Liberal bloggers at the Huffington Post don't like it because it cuts spending too much and doesn't raise taxes on rich people and on tax-avoiding and profit-reaping giant corporations.

Sounds like a pretty crafty deal, doesn't it?

On closer examination, the deal looks even better than crafty. I like it for more reasons than that the extremists don't. I like it on its own merits.

Sure, we need to raise taxes on high incomes and to close business tax loopholes. But remember what that old guy with the silver hair — Clinton, I think was his name — always said. It was not to let the perfect be the enemy of the good.

That is to say that sometimes you settle for a field goal. Sometimes you punt. About twice in a decade, you even need to turn around and run through your own end zone for a safety.

First, the debt ceiling would be raised so that our nation could behave as a responsible adult and pay its debts.

Second, this increase would extend past the next election so that we can keep paying on our debt without enduring this kind of juvenile nonsense in election season, when even the kind of last-gasp sanity we're now seeing would not be likely.

Third, we will have further rounds of cuts — automatic and then those to be recommended by a bipartisan commission — that members of Congress would have to vote either to adopt or stop. Otherwise, in the absence of congressional action, they would take effect in part automatically.

Fourth, Social Security, Medicaid, children's health benefits and veterans' benefits would be specifically excluded from any automatic cuts. That's because Social Security is all right for now on its own; because Medicaid is vital to extended health care and federal cuts would simply transfer the onus to struggling state governments, and because kids and veterans deserve continued levels of support.

Fifth, Medicare is on the table for automatic cuts because we simply cannot long sustain its drain on the federal treasury and because — and this is key — we can cut what we send to providers, such as hospital and doctors, without necessarily imperiling health care for seniors.

We must find a way to do that, actually, and it would be nice if the AARP would dispense with the attack ads on Congress whenever the hospitals and doctors whine. Health care for seniors must be thorough, but that doesn't mean we can't find a way to spend less federal money on every visit, every test, every procedure, every scan, every surgery.

Sixth, tax "reform" would be on the table for bipartisan commission discussions, which might include — should include, indeed must include — closing of the kinds of loopholes by which General Electric and oil companies can laugh tax-free all the way to the bank.

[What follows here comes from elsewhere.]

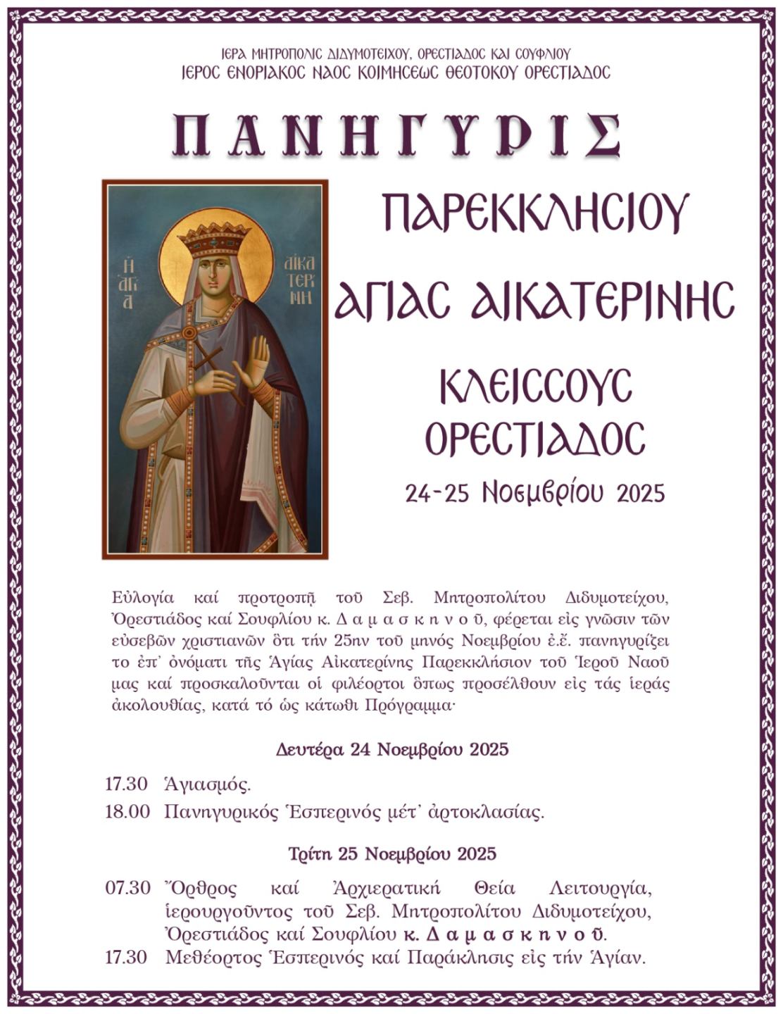 Η Αγία Αικατερίνη, «η πανεύφημος νύμφη του Χριστού» όπως την αποκαλεί ο Ιερός Ψαλμωδός [1], η πολιούχος του θεοβάδιστου Όρους Σινά, γεννήθηκε στην Αλεξάνδρεια το 294 μ.Χ. από ειδωλολατρική [2] οικογένεια και της έδωσαν το όνομα Δωροθέα. Η Αγία έζησε την εποχή την οποία αυτοκράτορας της Ρώμης ήταν ο Μαξιμίνος, ο οποίος ζητούσε από το λαό υπακοή στο πρόσωπό του και συμμετοχή σε ειδωλολατρικές θυσίες.

So there you have it, a little something for both sides and a lot of something against both sides.

Objections are less matters of policy than of politics.

Democrats decry the lack of an exemption for Medicare, not on merit so much as on the basis that Paul Ryan's draconian plan had made Medicare an electoral advantage for Democrats that may now be mitigated or lost.

Republicans decry the Social Security and Medicaid exemptions and that we will continue to talk about raising anybody's taxes. The mainstream among them act this way, one would hope, not so much out of allegiance to rich people or negligence of poor and sick ones. We can hope they act this way merely because of a calculated need to keep the rabidly right-wing Tea Party base partially appeased.

The deal shows that government can work eventually. That it presses up against the deadline shows that government doesn't work efficiently or responsibly or admirably.